The formula is straightforward: start at 100, subtract penalties. A system running at 95% CPU, 60% memory, 40% disk, and normal network gets a penalty of roughly 10 points for CPU, resulting in a score of 90. A system at 95% CPU and 92% disk gets penalties from both, dropping to around 70. The score naturally reflects the severity and breadth of resource pressure.

We also track which resources are bottlenecks and expose them in the API response. When the health score drops, the operator immediately knows whether the problem is CPU, memory, disk, or network without digging into charts.

Explain Mode: Why Is CPU High?

The most interesting feature we built is the explain mode. Instead of just showing that CPU is at 95%, explain mode answers why. It identifies the top contributing processes, correlates them with known patterns (e.g., "qemu-img process suggests a disk conversion is running"), and generates actionable recommendations.

The explain engine works in three stages. First, it collects current and recent metrics. Second, it ranks contributing factors by impact -- for CPU, this means listing processes sorted by CPU usage with context about what they are doing. Third, it applies a rules engine that matches patterns and generates recommendations. If the top CPU consumer is a qemu-img process, the recommendation might be to schedule disk conversions during off-peak hours or to use carbon-aware scheduling to shift the workload.

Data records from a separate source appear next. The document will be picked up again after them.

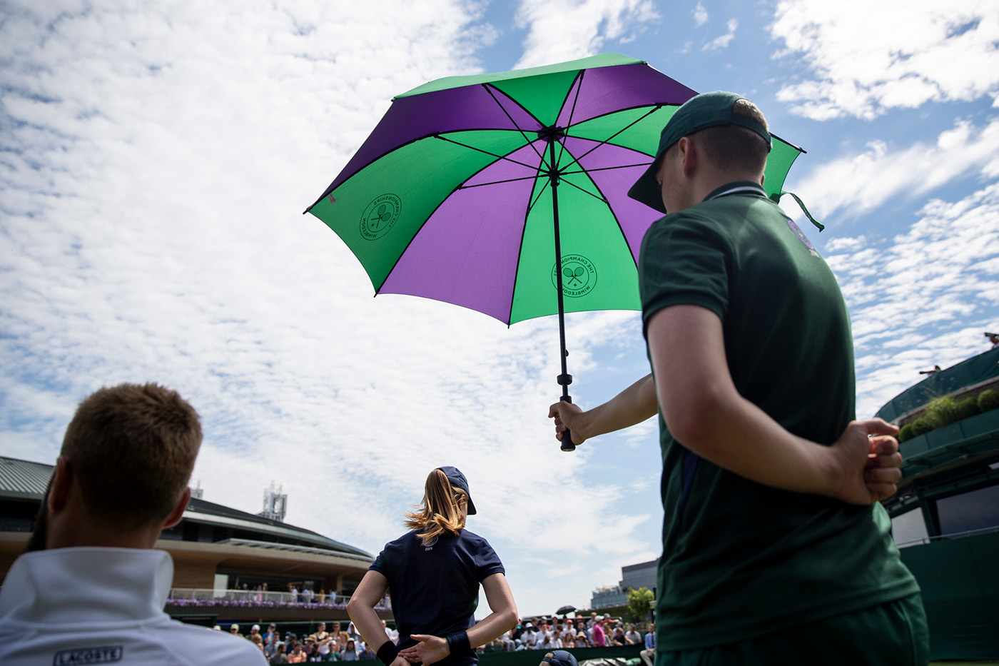 The retractable roof on centre court was installed to keep out the rain and there are no rules in place to allow it be closed to reduce the court temperature despite that being regular practice at the australian open in melbourne where 40 degrees days are not uncommon.
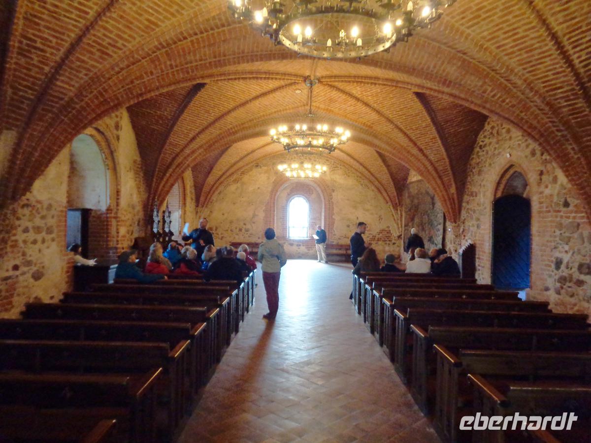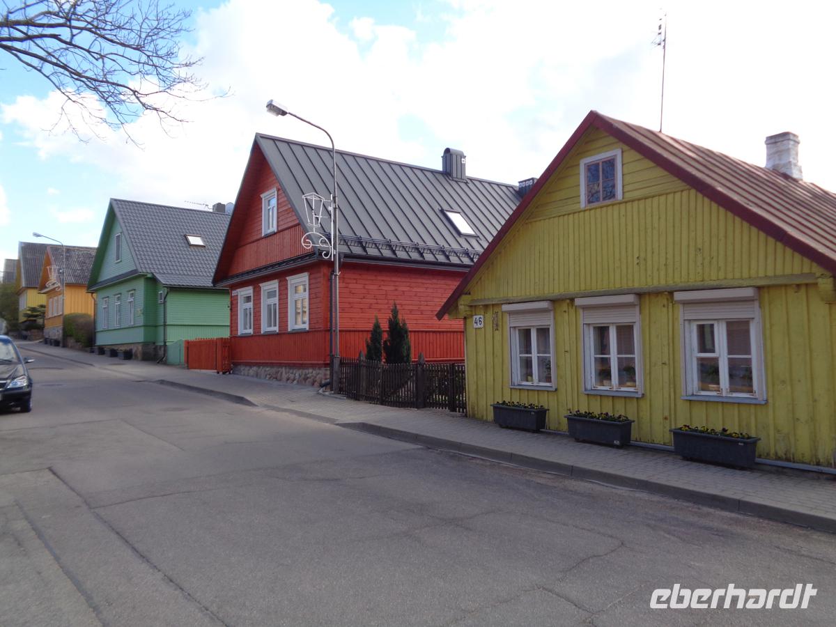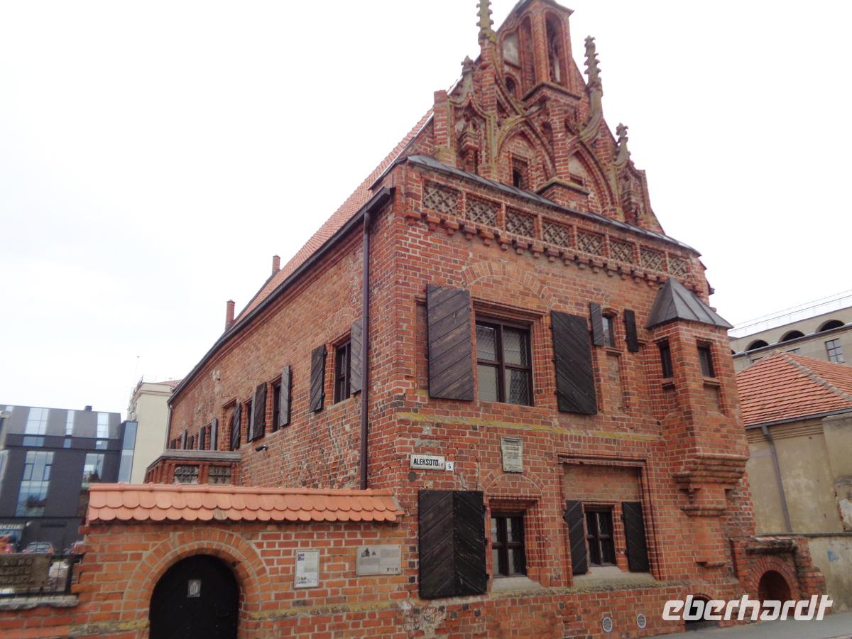Auf die Hanse weist ein sehr schönes gotisches Backsteinhaus, das Perkunashaus hin. Es ist nach einer Statue des baltischen Gewittergottes benannt, die man in einer der Nischen des Hauses gefunden haben will. Statten noch der Vytautaskirche in reiner Backsteingotik einen Besuch ab wo gerade eine Hochzeit war, und schlendern hernach durch die Vilniusstraße, der Hauptmeile der Innenstadt. Schon ist unsere Stadtbesichtigung vorüber in dem Ort, der einst eine reiche Textilindustrie hatte, und auch über eine große jüdische Gemeinde verfügte. Von beidem ist so gut wie nichts mehr zu sehen.
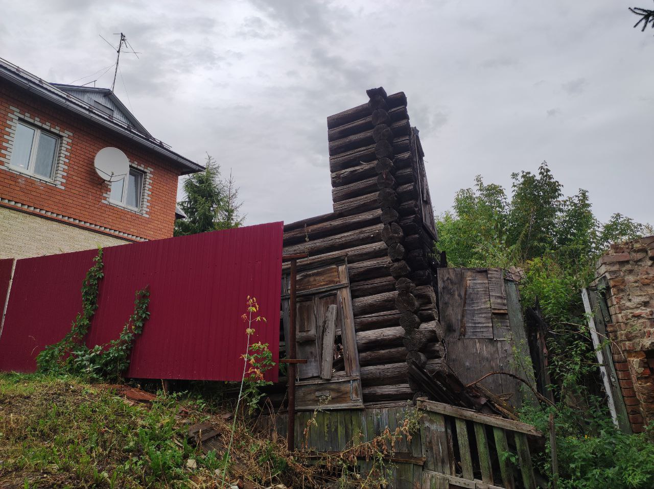 Следующий дом № 15 — новый, но на прилегающем участке сохранилась часть бревенчатой стены и кирпичная противопожарная кладка. И ель, которая по своему великолепию может поспорить с кремлевской новогодней елкой.
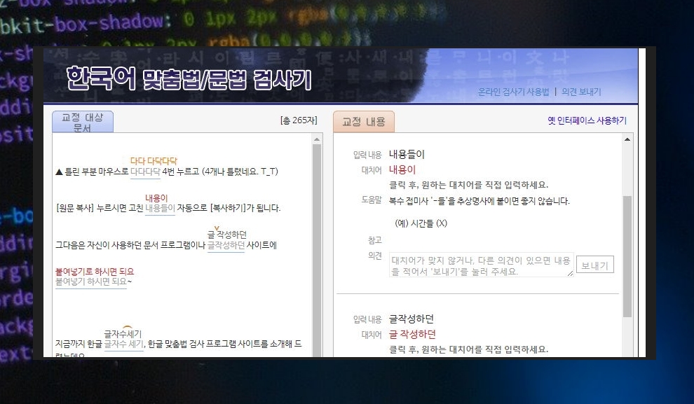 검색 사이트에서 한국어 맞춤법을 검색해 보세요. 그럼 부산대학교 인공지능 연구실과 나라인포테크에서 만든 프로그램을 만나볼 수 있어요. 사이트에 접속해보면 아시겠지만, 누구나 무료로 이용할 수 있어요. 회원 가입도 필요 없고요.
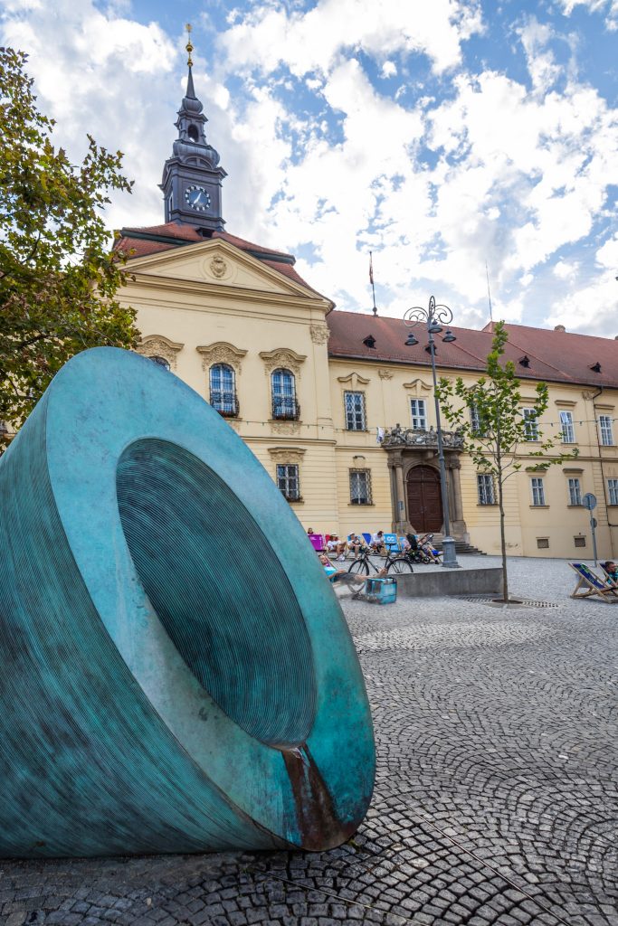 Danach sind wir weiter zum Freiheitsplatz (Náměstí Svobody) spaziert, der lebhafteste und bedeutendste Platz in Brünn. Hier ist immer etwas los und ich finde es schön, dass auch dort wieder die bunten Liegestühle aufgestellt sind. Auf dem Platz steht außerdem die berühmte (und heiß diskutierte) Zeitmaschine in Form eines Projektils aus schwarzem Granit. Jeden Tag um 11 Uhr fällt eine Glaskugel herunter und kommt bei einer von 4 Öffnungen wieder heraus. Der oder die Glückliche, der/die sie ergattert, darf sie als Souvenir behalten. Was ich so beobachtet habe, sind die Plätze aber meistens schon lange vor 11 Uhr besetzt.
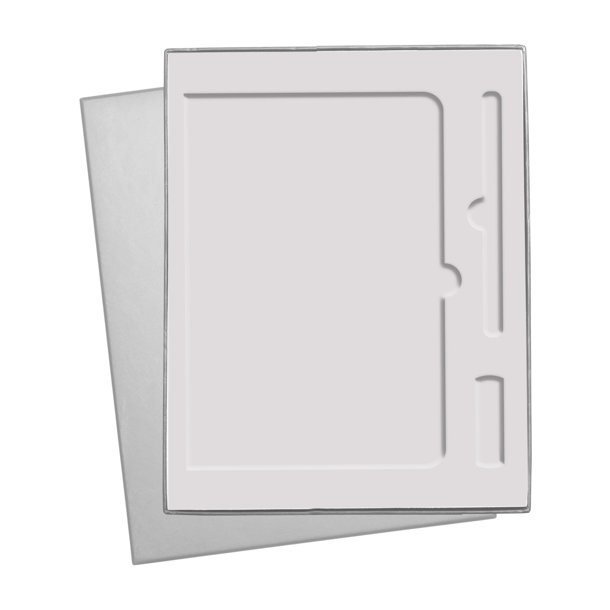 Подарочная коробка «крышка/дно» для ежедневника А5, ручки и флешкиМатериал коробки: формованный мелованный картон высокой белизны, толщина 2 мм, кашированный дизайнерской однотонной бумагой с матовой ламинацией. Цвет – элегантный светло-серый, однородный, приглушенный за счет матовости материала.Материал ложемента: EVA, цвет белый. Покрытие – флок цвета слоновой кости – слегка ворсистое, тактильно приятное. Подложка EVA c флокированным покрытием для поддержания высоты в отделении для ручки и флешки. Лазерная вырубка отделений ложемента.Дно коробки: флокированное покрытие цвета слоновой кости.Защитная упаковка коробки: пластиковый пакет с многоразовой застежкой (липкая лента).
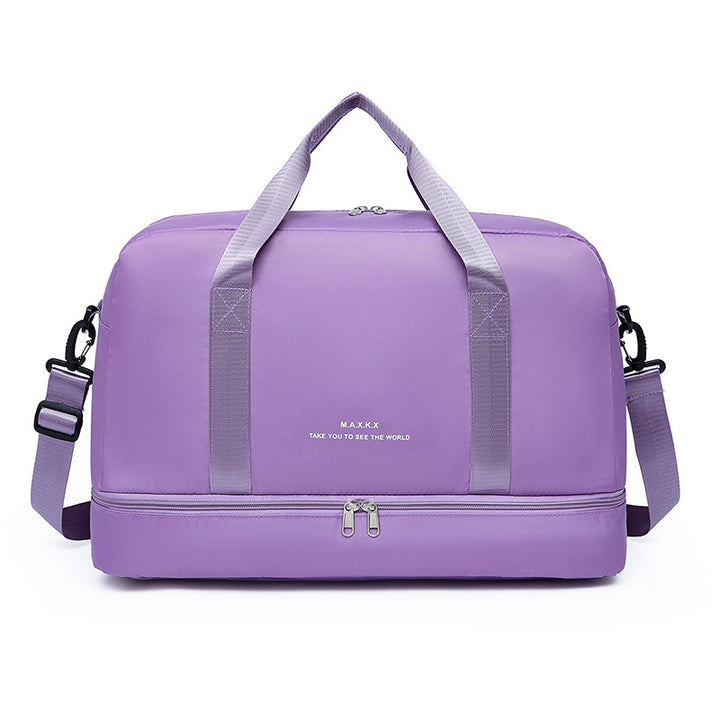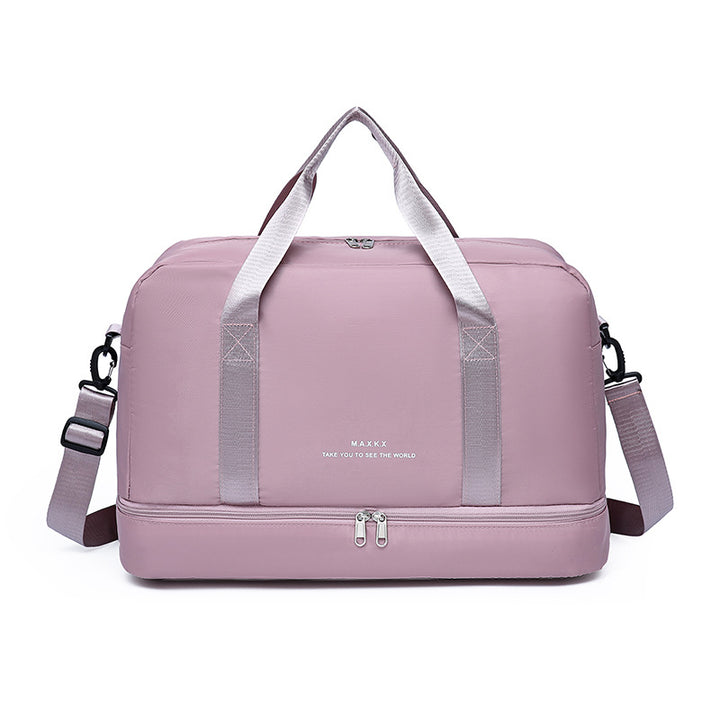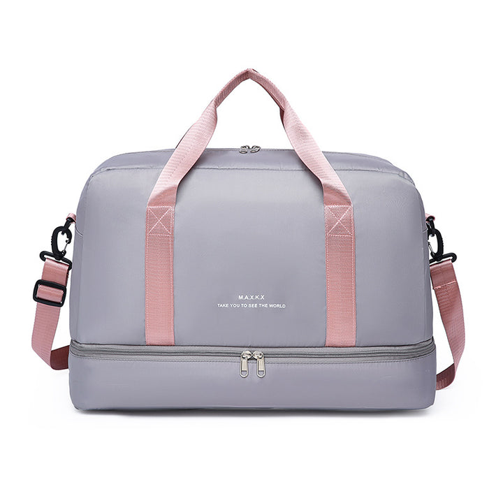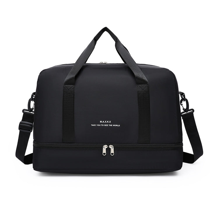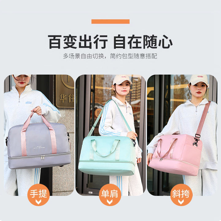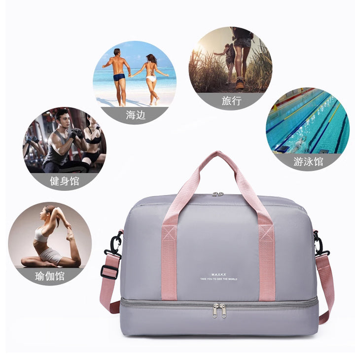 Large capacity fashion fitness travel bag, water-proof Oxford cloth, separate zipper layer at the bottom, wet and dry separation leisure bag
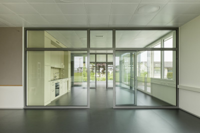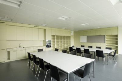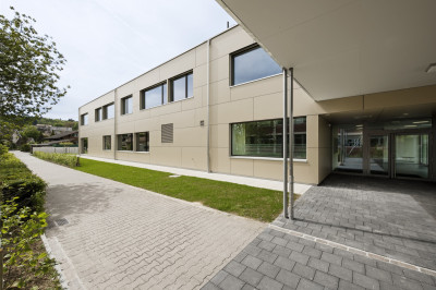 La conception lumineuse, les vastes fenêtres ainsi que la technique du bâtiment veillent à ce que les écoliers, les maîtres et maîtresses s'y sentent à l'aise.
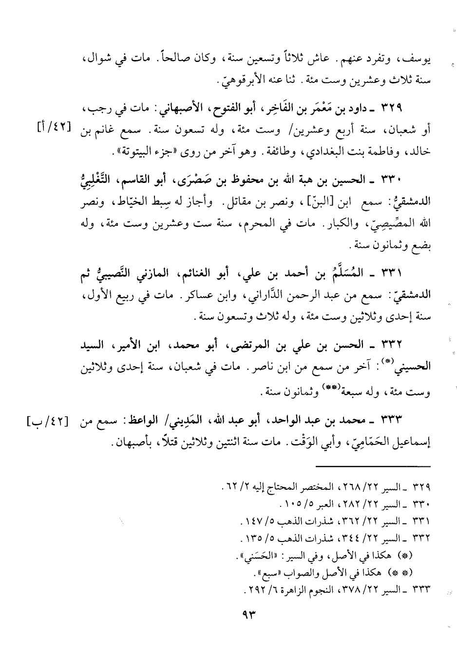 329- داود بن معمر بن الفاخر، أبو الفتوح الأصبهاني: مات في رجب أو شعبان، سنة أربع وعشرين وست مئة، وله تسعون سنة. سمع غانم بن خالد، وفاطمة بنت البغدادي، وطائفة. وهو آخر من روى ((جزء البيتوتة)).
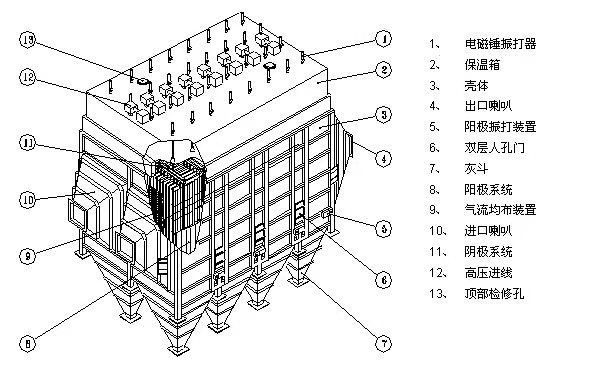 水泥厂布袋除尘器工艺图,主要由箱体、袋室、灰斗、进出风口、支柱、爬梯、栏杆、喷吹系统、清灰控制器等部分组成。
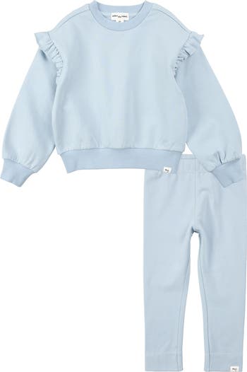 Brighten baby's day with this comfy set, including a ruffle-sweetened fleece sweatshirt and coordinating jersey leggings with a stretchy waistband for fuss-free changes.
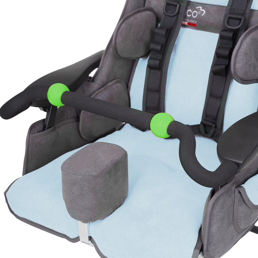 ФиксацияДля комфортного пребывания в течение всего дня предусмотрена встроенная противопролежневая подушка. Средний слой обшивки амортизирует непроизвольные движения ребенка, а внутренний слой оснащен пластичными боковыми пелотами. Функциональный подголовник Shapeable поддержит голову и шею. Он регулируется по высоте, глубине и углу наклона и совсем не мешает обзору. Мягкая дышащая обивка кресла снимается и легко чистится.

Explain mode is available for CPU, memory, disk, and network, each with its own set of patterns and recommendations. The rules are implemented as a simple Go slice of rule structs with match functions and response templates. Adding new rules is a matter of adding a struct to the slice.

Time-Series Storage: The Ring Buffer

We store 24 hours of metric history in a ring buffer. The implementation is a fixed-size slice with a write pointer that wraps around. Each data point is a timestamp-value pair. With a 15-second collection interval, we store approximately 5,760 points per metric per day, consuming roughly 92 KB per metric (16 bytes per point).

The ring buffer has several advantages over a database. It requires no external dependencies, has O(1) insert and O(n) scan performance, naturally evicts old data without cleanup jobs, and uses a fixed, predictable amount of memory. For a system that stores 10 metrics, the total memory footprint is under 1 MB.

Time-series queries support a step parameter for downsampling. When querying with step=5m, the API averages all data points within each 5-minute window and returns one point per window. This keeps response sizes manageable when graphing 24 hours of data in the dashboard.

Smart Alerts

The alert engine evaluates rules against collected metrics on each collection cycle. Default rules cover common failure modes: CPU above 90% for 2 minutes, memory above 85%, disk above 90%, swap above 50%, and OOM kills. Each alert has a severity (info, warning, critical) and a suppression window to prevent duplicate alerts from flooding the notification system.

Alerts are delivered through two channels: the REST API (polled by the dashboard) and webhooks (pushed to external systems). Webhook delivery is resilient to transient failures with exponential backoff retry. The webhook payload includes the alert details, current metric values, and a link to the explain mode endpoint for the affected resource.

Lessons Learned

Building observability from scratch taught us several things. First, /proc parsing is cheap -- reading and parsing all system metrics takes under a millisecond on modern hardware. There is no reason to rely on external agents for basic system metrics. Second, a ring buffer is an excellent data structure for bounded time-series storage when you do not need persistence across restarts. Third, the explain mode concept -- turning raw metrics into structured diagnostics with recommendations -- is far more useful to operators than raw dashboards. It eliminates the step where someone has to look at five charts and reason about what they mean together.

The observability layer now serves as the foundation for carbon-aware scheduling (which needs to know current system load), the health check endpoint (which powers the dashboard home page), and the alert system (which drives webhook notifications). Building it self-contained means the entire stack deploys as a single binary with zero runtime dependencies.